Our main project goals focus on having the Sawyer robot play full matches against players, solve puzzles starting from random game states, correctly grasp pieces based on their size, tune the robot’s speed for smooth actuation, and create a GUI that shows the robot's decisions and the game state on a computer screen.
The first key step to the Sawyer robot's ability to derive a move is actually being able to see the board itself, which will be placed on the table directly in front and below the Sawyer robot. In labs, we have achieved this through a custom Sawyer tuck, so that the arm camera faces directly down towards the table. However, there were several critical flaws to the robot's arm camera that prevented us from simply using the custom tuck as a way of sensing:
Binary Image - The Sawyer robot's arm camera only supports two colors: black and white. This means that the darker chess pieces will be shown as black on the screen, while the lighter ones will be shown as white. Where do these pieces stand on? Black and white tiles! It would be extremely difficult to detect white pieces on white tiles, and black pieces on black tiles. Even if we did, there would be too many edge cases to draw a reliable board state.

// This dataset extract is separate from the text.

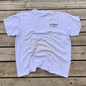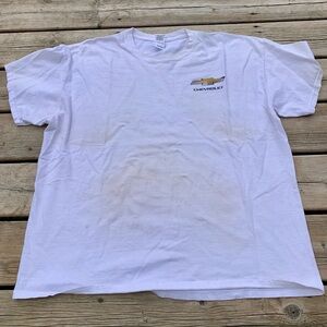 Show off your love for Chevy in this bold white Gildan t-shirt featuring a striking green Camaro graphic on the back and the classic Chevrolet logo on the front. Size XL, made with heavy cotton for durable comfort. Some light stains present (see photos), but still a great vintage-style tee for fans or collectors.

Camera Distortion - The Sawyer robot's arm camera presents a fish-eye view of the table. This is detrimental to our current model, since a chess-playing robot needs to be able to tell which tile a piece is currently standing on. If we were to use the arm camera, we would have to figure out a very complex and computationally exhaustive method to map every single tile to its pieces. If we were to undistort the camera using cv2, we would be losing a lot of the image space, and parts of the board would be cut out from the camera output.
Piece Type - Identifying the different types of pieces was critical to our end goal of being able to complete chess puzzles not just full games of chess. Some pieces look very similar such as the king, queen, and rook or the bishop and pawn. This means that correctly and reliably identifying what piece is in which square without any overmatching and without missing a piece was a major challenge. Not to mention that slight differences in lighting, angle, or board position could be extremely detrimental to the reliability of the detection without mitigation.
After knowing where every piece belongs on the board, the robot must now make a move. A problem that surfaced here was the integration of a chess engine with the robot's tech stack; attempting to import the Stockfish library in itself resulted in tons of dependencies and collisions with ros components that we had to resolve.
Finally, the Sawyer robot now has to physically pick up and relocate the chess board from a single tile to another one. Due to our chess pieces being 2.5 cm in diameter and 1 cm in height, this requires our robot to be able to move and grab pieces with extreme precision. Furthermore, it must have the ability to avoid collisions with any other piece during its trajectory.
Chess Robots are an exciting way of visualizing a hot topic that has risen in the 20th century - human intelligence versus artificial intelligence. Chess engines are one of the earliest embodiments of man-made intelligence, and videos of grand masters facing off against algorithms with high computational power have repeatedly made the headlines. Instead of sitting the chess masters down in front of computer screens and clicking on a virtual screen, having them sit down in front of the robot arm and playing face-to-face in a physical match raises the tension and improves the storytelling for the media.